好不容易從膝蓋上擡起頭,發現男人的臉離得好近,眼睛亮幽幽地發光。

他的眼睛怎麽那麽亮呢,我不禁笑了,“劉穆啊,你不是有女朋友嗎,老跟著我幹嘛,打什麽壞主意呢——”

“你醉了,起來吧。”

劉穆一只手架住我胳膊,另一只手扶過我的腰,把我從地上拉了起來。

再後面的事情全部碎成片段,我像在顛簸的大海上漂浮,頭越來越暈,模糊記得好像吐過,徹底喪失意識之前,最後一個念頭是:嗯,現在真的醉了……

第二天我是被不停唱歌的手機叫醒的,我的電話鈴聲新下載了牛奶咖啡的《沒時間》,蹦蹦跳跳的節奏,“我沒時間沒時間,為什麽總是沒有時間,我越來越懷念從前,無憂無慮美好童年……”

我醒了,發現自己躺在家裏床上,身上規規矩矩蓋著被子,穿著貼身的棉毛衣,文胸勒在身上非常不舒服。想翻身坐起來,卻發現手腳酸軟,趕快又躺回去;想說話,一張嘴,舌苔好像有一尺厚,喉嚨被膠水糊住了,吐不出一個字。

kiki在那裏不停唱,唱到力竭而亡。沒過多久,有人按響門鈴,叮咚叮咚不停響,真煩,我用被子捂住腦袋,打算誓死捍衛床上領土。

可是門口的人顯然有著恒久的耐心,魔音繞梁,經久不絕。

到處找不到外套,我隨手抓條毯子裹住自己,離開熱乎乎的被窩去開門。

“才醒?給你買了好吃的。”大門口劉穆雙手提著購物袋,下巴朝我擡了擡,笑得春光燦爛。

趁我還在發懵,他用手肘把我拐到一邊,擠進了屋子。

進了門,他看看腳底,把手裏兩個袋子放到玄關鞋櫃上,彎腰一撥,輕松脫掉自己的短靴,我還來不及說話,他直接穿著襪子鉆到了客廳。
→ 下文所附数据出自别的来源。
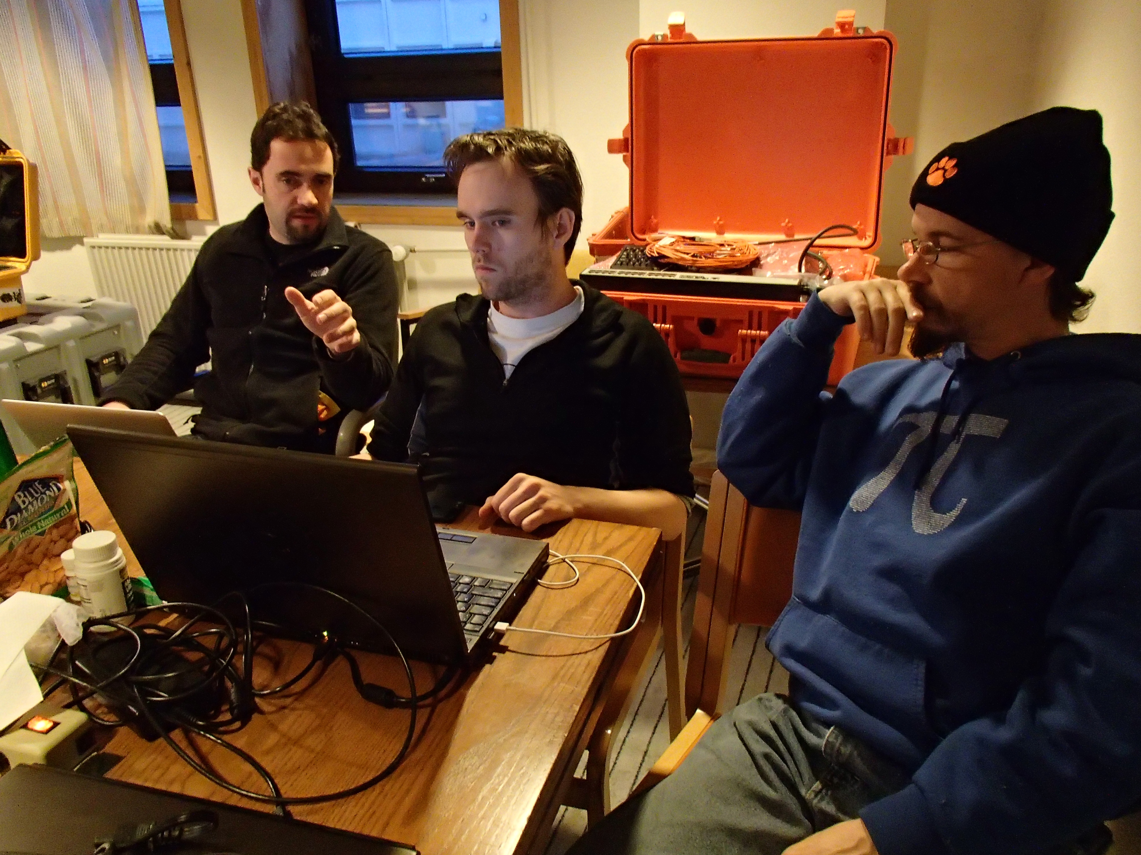 Logan Smith, in the middle, works with two of his team members to solve a problem. Kangerlussuaq, Greenland.

我像個傻子似的跟在劉穆身後,看他把兩包袋子打開,取出來大大小小一堆快餐盒排到飯桌上,然後熟門熟路地從碗櫥裏端出一疊碗,把快餐盒裏的飯菜一樣樣倒進碗裏。

“喏,都熱著,不用微波了。山藥枸杞粥,黃豆銀芽燉小排,酸辣白菜,醋溜蝦仁,考慮到你今天胃口不好,都是清爽解酒的。”

他放好東西,丟了快餐盒,旋進廚房洗手,轉了一圈出來立到我跟前,上上下下瞅我:“嘖嘖,像女阿三,去把毯子換了吧,都十二點過,該吃午飯了。”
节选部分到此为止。